Im weißen Rössl
„Furioser Aufgalopp: Singspiel „Im weißen Rössl“ entfacht Begeisterungsstürme in der Waggonhalle. (…) Die 47. Waggonhalle-Produktion geht gewiss als Geniestreich des künstlerischen Teams um Matze Schmidt in die Geschichte des überregional beliebten Kulturzentrums ein.“
(Oberhessische Presse, 09.08.25)
Am 16.08. ist die Gaststätte Rotkehlchen geschlossen. Getränke und Snacks bekommen Sie aus unserem Wagen vor dem Eingang.
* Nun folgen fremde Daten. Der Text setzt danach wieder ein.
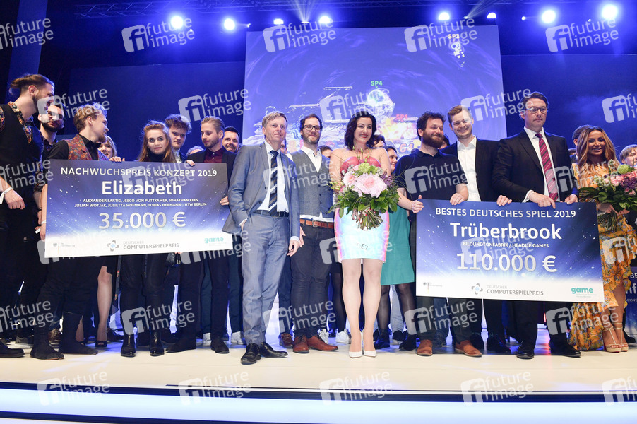 Dorothee Bär und Andreas Scheuer mit den Gewinnern bei der Verleihung des Deutschen Computerspielpreises 2019 im Admiralspalast. Berlin, 09.04.2019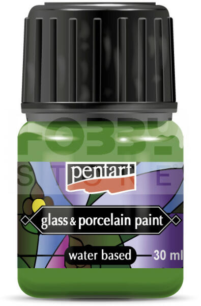 Pentart Üveg és porcelánfesték almazöld 30 ml 21341 Fényes, átlátszó vagy fedő, vízbázisú festék üveg-, porcelán- és fémfelületek díszítéséhez. A színek egymással jól keverhetők, világosításukhoz Pentart üveg&porcelánfesték médiumot használjunk. Ügyeljünk arra, hogy a díszítendő felület zsír- és pormentes legyen. Fényes, vízbázisú festék üveg-,

Fassung „Bar jeder Vernunft“
Singspiel in drei Akten
frei nach dem Lustspiel von Blumenthal und Kadelburg von Hans Müller und Erik Charell
Gesangstexte von Robert Gilbert
Musik von Ralph Benatzky
Sechs musikalische Einlagen von Robert Gilbert, Bruno Granichstaedten und Robert Stolz
Aufführungsrechte bei Felix Bloch Erben GmbH & Co. KG, Berlin | http://www.felix-bloch-erben.de
Im Gasthof Zum weißen Rössl am Wolfgangsee geht es drunter und drüber: Oberkellner Leopold schmachtet seine Chefin Josepha an, doch die hat nur Augen für den charmanten Dr. Siedler. Währenddessen geraten Gäste, Liebespaare und ein streitlustiger Fabrikant in ein heilloses Chaos voller Missverständnisse, Intrigen und jeder Menge Herzklopfen. Am Ende löst sich das Durcheinander auf – und alle finden ihr Happy End, inklusive einer ordentlichen Portion Alpenromantik und Augenzwinkern.
Die Waggonhalle präsentiert „Im weißen Rössl“ in der „Berliner Fassung“, die als satirische Selbstparodie des Genres gilt. Klar minimalistischer als die klassische Operette ist auch die Inszenierung der Waggonhalle, aber mutig, denn mit Kitsch und Romantik wird mitnichten gegeizt. Aber was ist schon Kitsch und wo fängt Trash an?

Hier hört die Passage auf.